Without looking back, Haven moved across the stagger of barges, the Senior Investigator watching their rise and fall; the hurdles of smoke icing the water, drifting across the rust of iron pontoons. A passage slicing through primary colours. Watching him. Watching until there was nothing left to watch. Piao’s head fell back against the Big Man’s leg, eyes filled with sky and a glimpse of Yaobang’s face. As white as the full moon … unconsciousness smoothing out each feature. And the rain still driving in spears. And the blood … everywhere he looked. The blood.

The New Year was coming to an end. Rockets falling to earth. Crowds dispersing. Beer bottles in the kerb. The odour of sweat and of money spent that couldn’t be afforded. The sky now darker than any other that Piao had ever seen. Looking up, hearing himself say,

“See the stars, they’ve come out tonight …”

The pin-pricks becoming smudges, as his eyesight failed. Only the pictures already in his head illuminating the black desert that reached out towards him. Her eyes. Her smell. Her hair. The way that her lips slumbered in a half smile … the secret that she alone seemed to know and would never give up. And through it all, a silver jet slashing toward a silver life, in a silver city, inhabited by only silver people.

Go and get your flight to New York Mr Haven … before I change my mind.

The palm turned to a fist … Piao at its centre. So dark, so black the night. Fathomless, and with nothing left in it for him. And all of the time the rain falling, a constant stream. As if God was pissing on him.

Chapter 37

Can you not see the waters of the Yellow River descending from the Heavens, hurrying irrevocably down to the sea? Can you not see that the high hall’s gleaming mirrors are saddened at the sight of your white hair? Silken dark at dawn, by dusk it is like snow.

Fragments of unconsciousness, blunt, safe edged. Shards of consciousness, honed razors. Words shunting into place, as if snipped by shears from tinplate. Vague images, thoughts. His mind, a butterfly on the breeze, unable to settle on the bloom of any one idea. And then the morphine kicking in; carrying him on its warm roller, further, further out to sea. Away from the rocks of reality and the hard beach that had stranded him.

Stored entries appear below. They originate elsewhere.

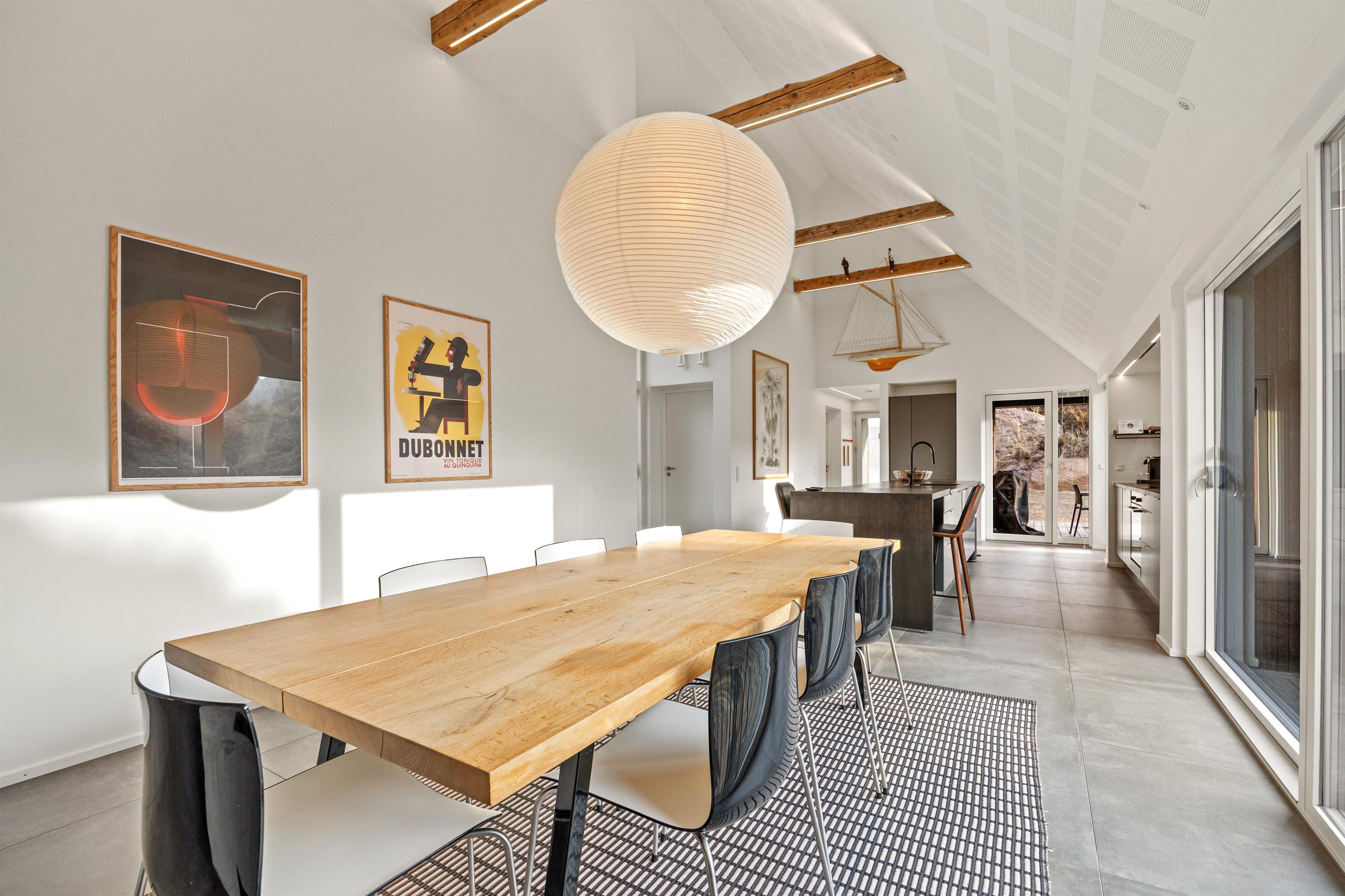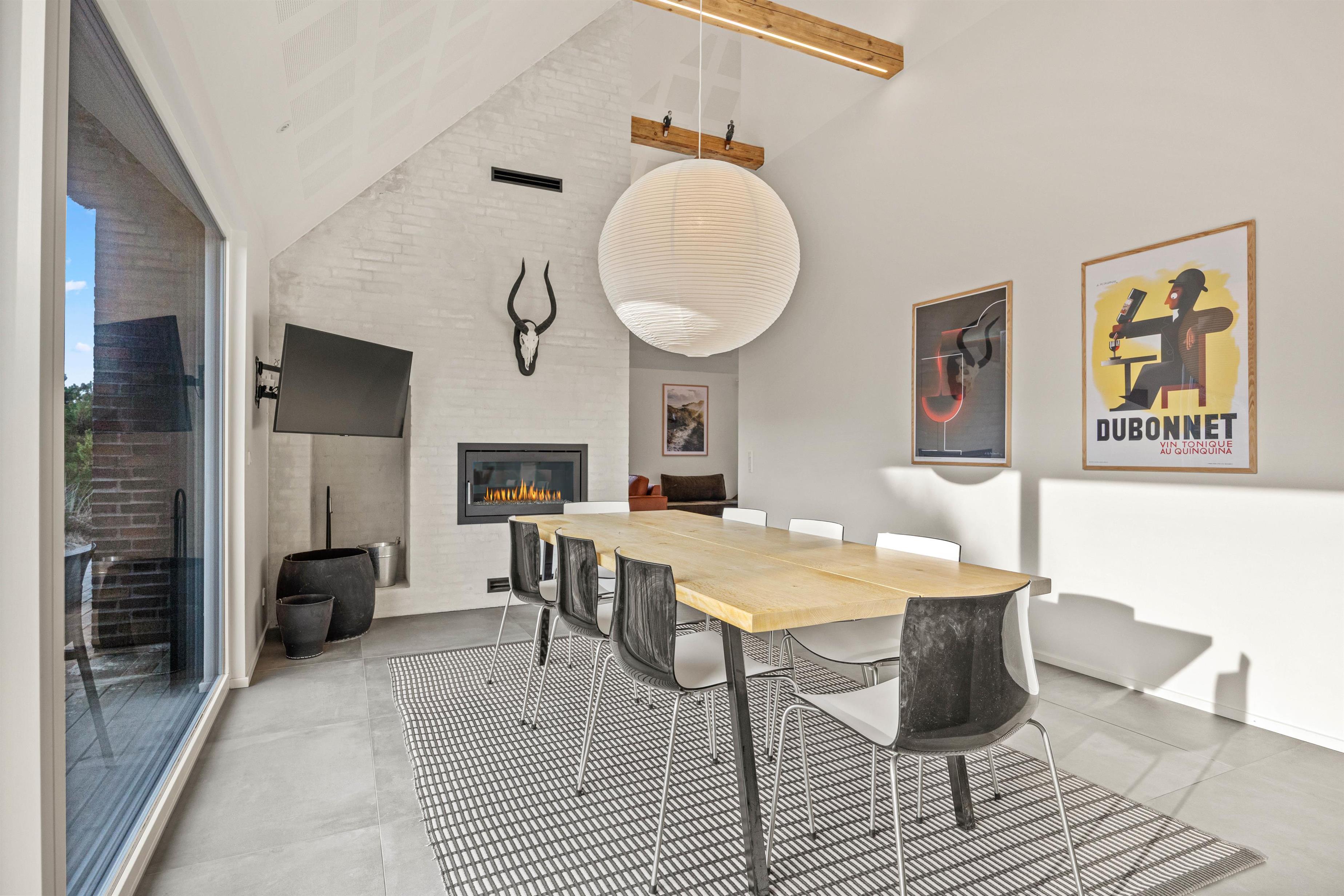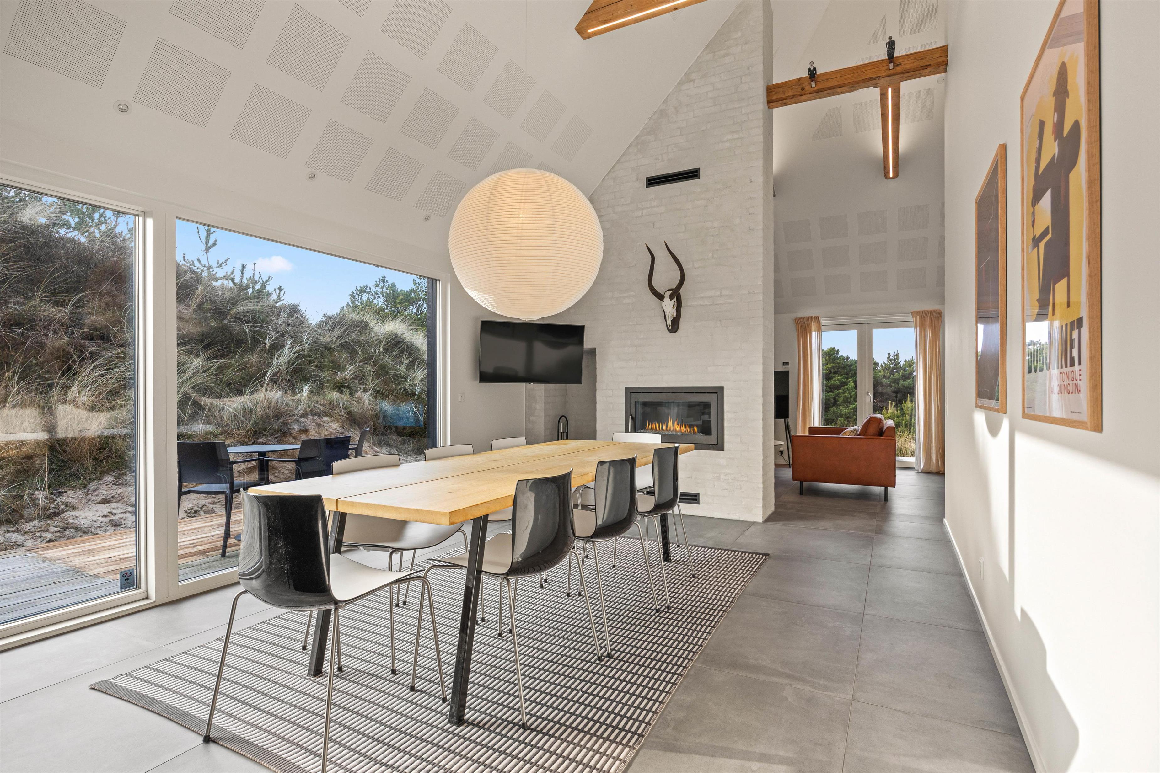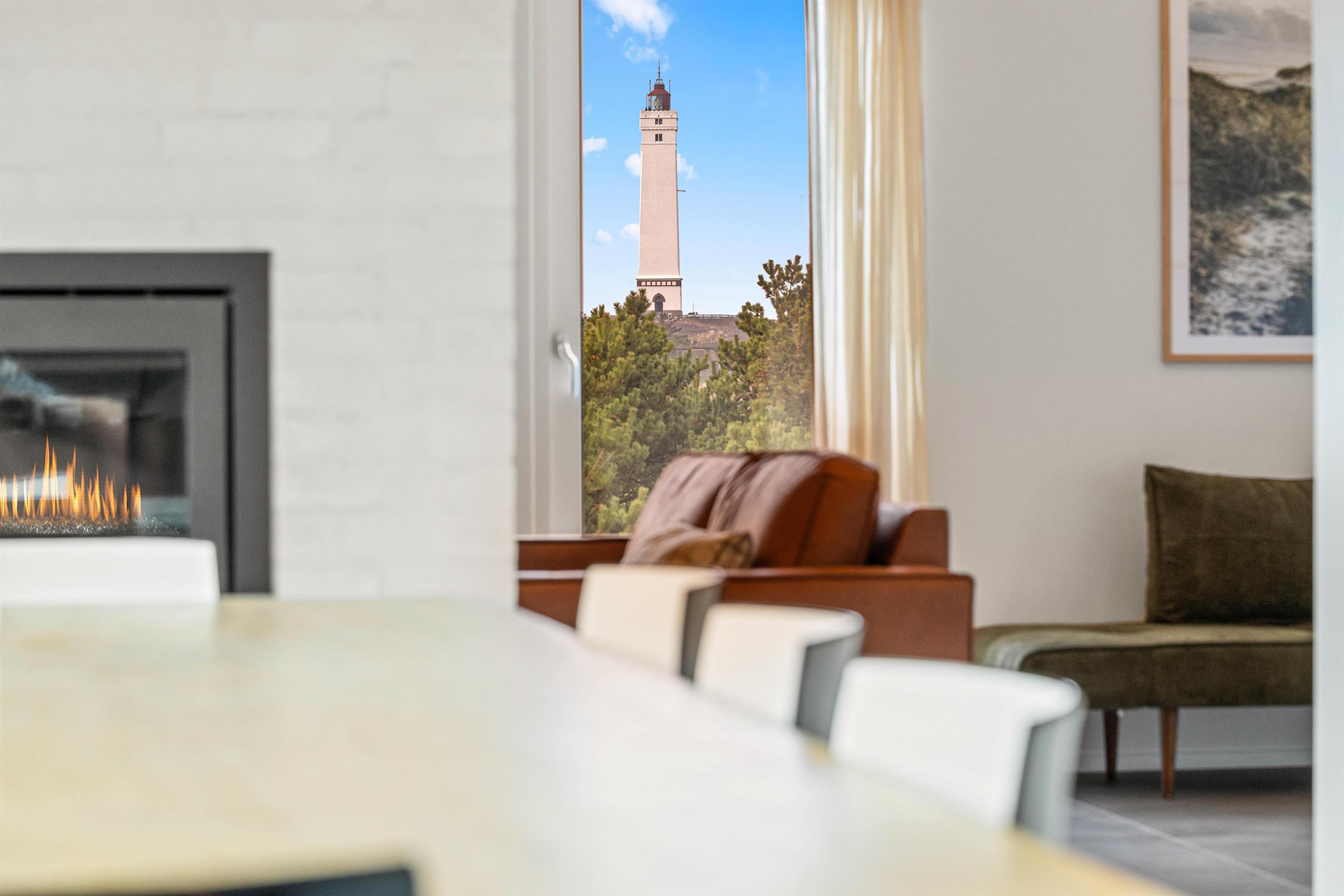 Det store køkken/alrum er adskilt fra opholdsrummet via en mur med integreret, gennemgående pejs, der sikrer hygge og varme i begge afdelinger. Atmosfæren i det lyse sommerhus, samt den vidunderlige udsigt ud over det omkringliggende klitlandskab og fyret i Blåvandshuk, er unik. Her kan du tilbringe en uforglemmelig ferie.
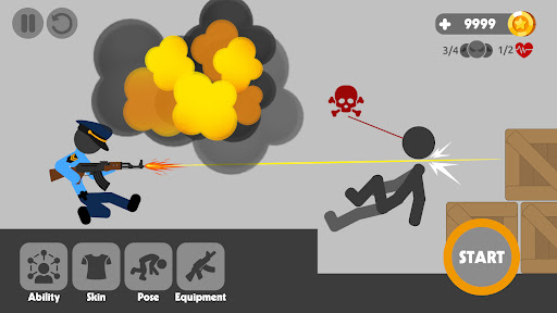 Elevate your stickman's coolness by outfitting them with a variety of skins and outfits.
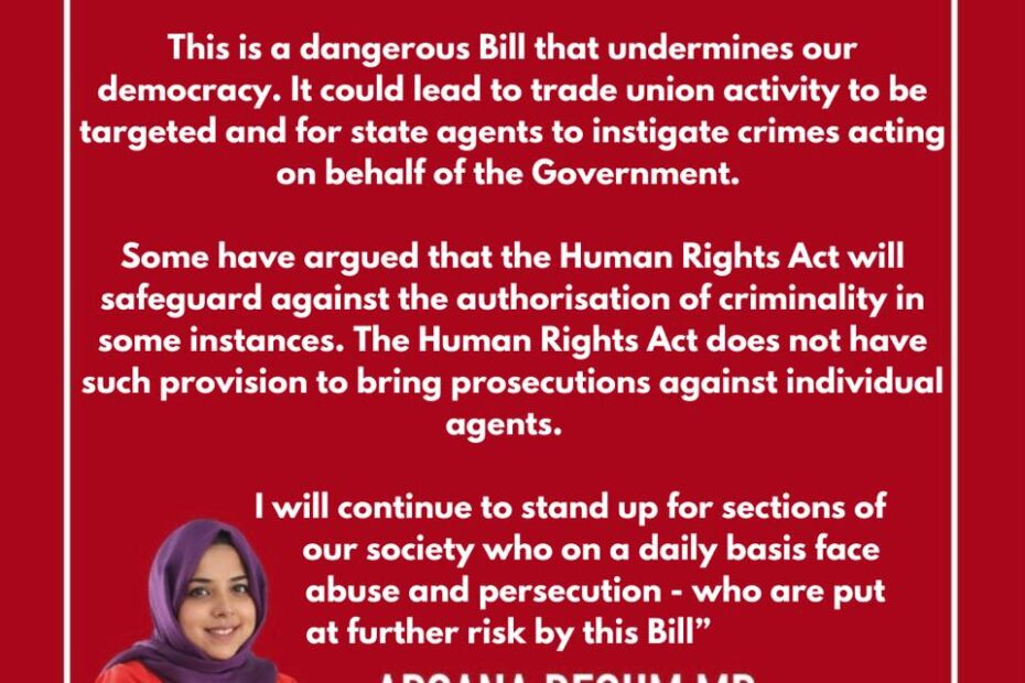 I voted against the Covert Human Intelligence Sources Bill today. This Bill is a danger to our fundamental human rights and undermines democracy.
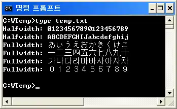 A Korean command prompt in Microsoft Windows, showing halfwidth and fullwidth characters.
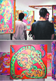 S. M.: –Este modo que tenemos de dibujar y de trabajar te va llevando, vas descubriendo, leés el inconsciente del otro, y esa animalización de lo humano es un poco lo que nace acá. Despertamos ese tercer ser que lo llamamos Hombre Lobo. Y que por ahora son estos cuadros de la muestra y pañuelos y blusas. Vamos a seguir con camisas, remeras y camperas.

Looking up at the sky … stars and paramedics faces. Being carried across the buck of barges, the movement seizing his head, entering it in a sickening swirl. A glimpse, like a snapshot, of Yaobang being carried beside him strapped into a steel framed crib; his face, like crumpled paper. Across his forehead, a black crescent moon of a scar … no longer bleeding. And all of the time the rain. On his tongue. On his eyes. A sweetwater baptism. Reaching out to hold the Big Man’s hand, the rain dripping from his knuckles, but the nylon straps denying him.

“Get your arm down, you’ll hurt yourself.”

Everything in degrees of blue. High on the embankment the ambulances, the patrol cars, lights revolving. Sirens opening their mouths. Doors slamming. Body bags zipping. Buildings racing through the smoke grey of the ambulance windows. The paramedic’s face, bone and canvas taut skin, watching over Yaobang. So close that you could smell his life. His attentions turning to Piao. A sting as he put a line into his arm; taping it into position. The Senior Investigator reaching out his hand again, across the Big Man’s forehead. The paramedic forcing it down, tucking it under the nylon straps.